But when I ascended the ladder the truth was evident. The piece did not fit, and in an instant I was back at my sawhorse table, measuring, drawing, sawing.
Act Two: Time-Loop
For how long nobody but me and now all of you know (it was an hour and a half), I measured, drew, sawed, placed, and cussed at my siding before starting again.
I found I had a small influence over the time-loop I had been caught in. In one cycle a piece would be too large, in another too small. Sometimes I would go to the left side of the house, sometimes to the right.
But it always ended the same. Me, back at the sawhorse, measuring, drawing, sawing.

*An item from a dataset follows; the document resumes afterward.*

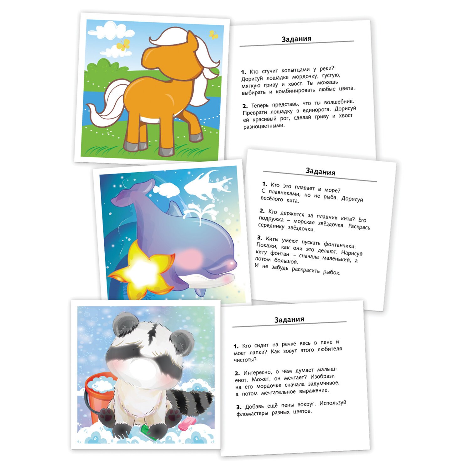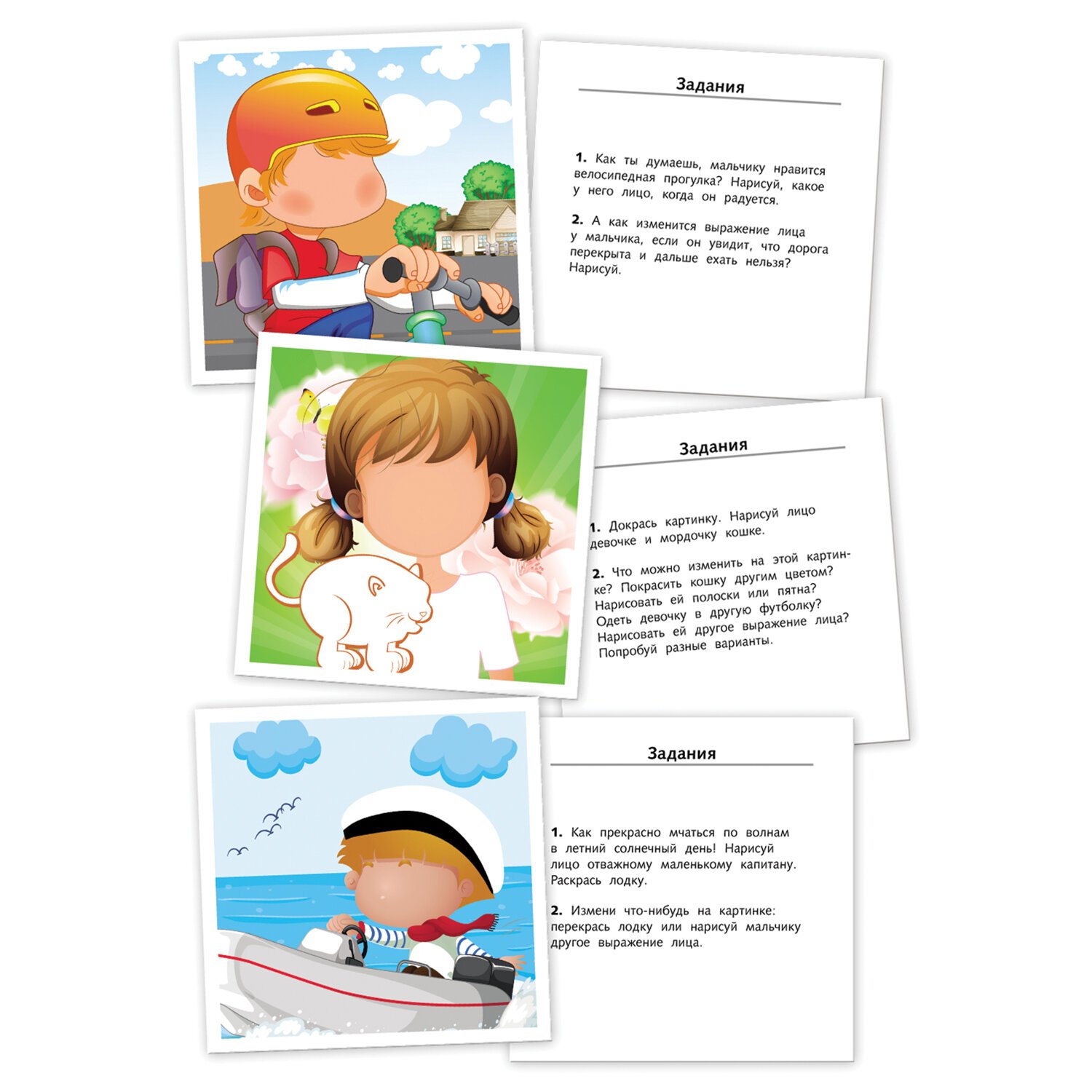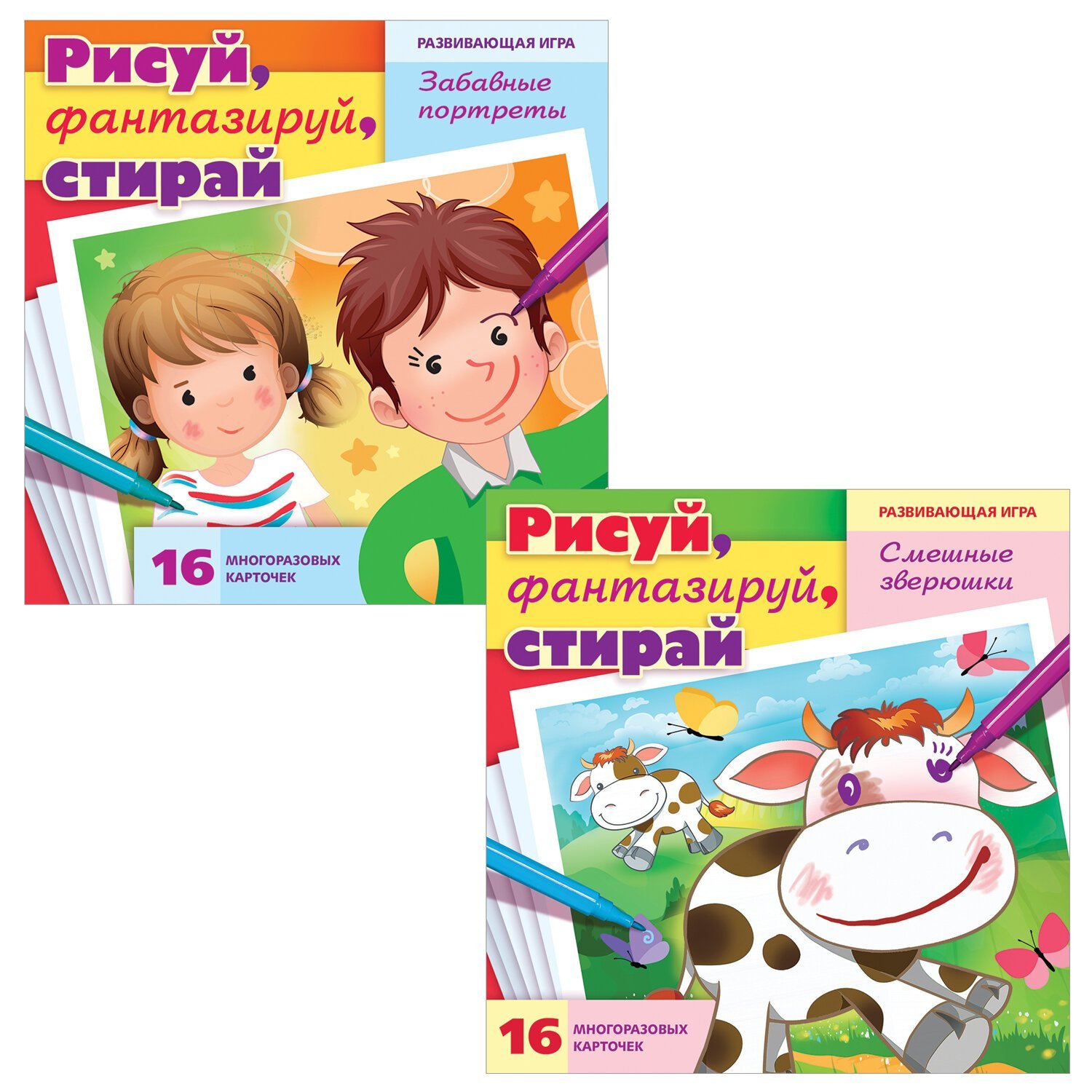 Карточки направлены на развитие фантазии, эмоционального интеллекта и мелкой моторики малыша. Комплект состоит из 16 многоразовых карточек, на которых можно рисовать любыми фломастерами, кроме перманентных. Нарисованное можно стереть влажной салфеткой или губкой. На лицевой стороне многоразовой карточки малыша ждет красочная картинка с изображением человека, на обратной стороне располагаются задания.

I thought if I could just do it one more time, I could escape the loop. If I got it right, it would all be over but no matter what I tried I just couldn’t.
I thought about jumping from the 160House roof but morbid means never worked for Phil and besides, I would probably just twist an ankle.
Then it occurred to me. At the heart of every awful time-loop plot is a simple trope. The loop allows a protagonist to hone skills to perfection but the skills are never the point. It’s not Phil’s piano lessons that free him.
No one escapes a time-loop without learning a good old fashioned life lesson.
Act Three: Fuck It
On my lucky 13th try I carried my tiny, precious corner piece to the back of the house to once more fit it into the last blank edge at the top of the hutch.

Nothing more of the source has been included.